LANSING, Mich. (AP) — A Michigan lawmaker was stripped of a committee chairmanship and ordered to undergo training Thursday after the state Senate concluded allegations of sexual harassment lodged by several women, including a legislator, were credible.

Republican Sen. Peter Lucido of Macomb County’s Shelby Township lost his position leading the Senate Advice and Consent Committee. He will continue to chair another panel and co-chair a joint Senate-House committee.

The Senate had opened an investigation in January after a young reporter, Allison Donahue of Michigan Advance, complained that Lucido made a sexist comment to her before a group of high school boys. Sen. Mallory McMorrow then accused him of sexually harassing her at a Capitol orientation. Melissa Osborn, who works for the Michigan Credit Union League, made similar allegations.

“We take accusations of inappropriate behavior in the workplace seriously,” said Senate Majority Leader Mike Shirkey, a Clarklake Republican. “It is my sincere hope that this experience will serve as motivation for us all to do better and be better in our personal interactions and our public discourse.”

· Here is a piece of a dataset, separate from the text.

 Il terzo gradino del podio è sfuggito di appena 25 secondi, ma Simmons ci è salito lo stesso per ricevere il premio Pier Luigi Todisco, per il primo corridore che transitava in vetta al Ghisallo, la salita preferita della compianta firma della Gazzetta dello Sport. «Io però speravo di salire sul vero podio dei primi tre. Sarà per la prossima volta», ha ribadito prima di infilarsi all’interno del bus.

Lucido declined to comment.

The Senate Business Office released a summary of the probe that was conducted by two outside lawyers and the Senate’s human resources manager, who also is the nonpartisan legal counsel. They interviewed 25 people and reviewed evidence such as text messages, video footage, diagrams and audio recordings.

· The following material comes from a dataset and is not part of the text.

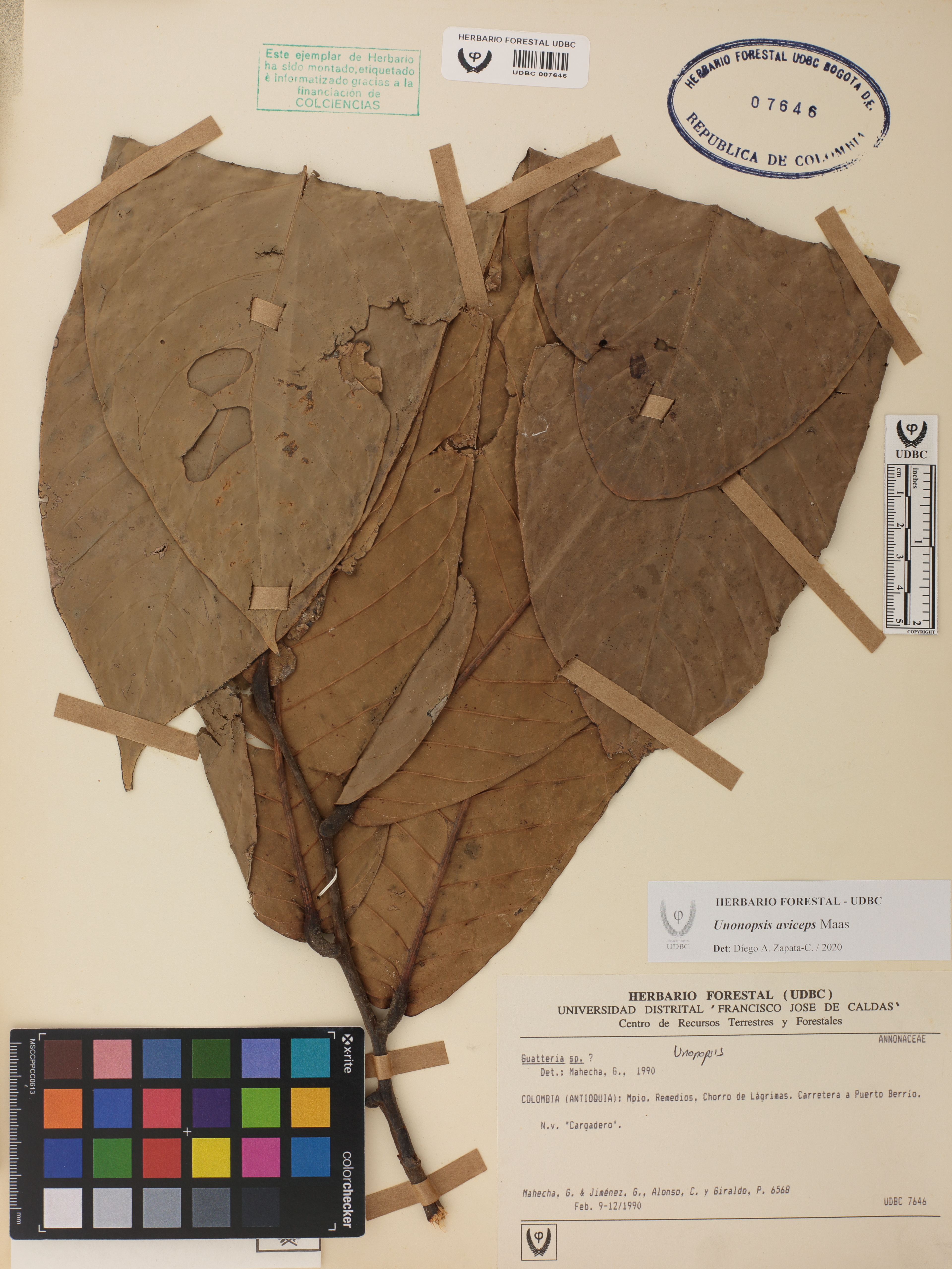 | dc.description | Fotografía del ejemplar Mahecha, G. 6568, determinado como Unonopsis aviceps en el año 2020 | |

The investigators’ report and findings were kept confidential. The summary said while they could not “unequivocally” substantiate the publicized complaints, they found all of the accusers “credible” and concluded it was “more likely than not” that each incident occurred as reported.


Lucido’s conduct “demonstrates an unfortunate pattern of behavior” that requires “little to no interpretation to be understood as inappropriate workplace behavior,” the summary said.

McMorrow, a Royal Oak Democrat, said she appreciated that investigators were thorough and took the investigation seriously.

“It was validating to learn that the report found Allison, myself and Melissa all credible,” she said. “I think that matters because my biggest hope was that by coming forward would encourage others to do so, especially those who don’t have the type of protection that I do as a member.”

Shirkey said a bipartisan workgroup will be formed to review the Senate’s sexual harassment policies. Asked if she felt the punishment was appropriate, McMorrow said it depends on whether Lucido — who she said has not apologized — changes his behavior.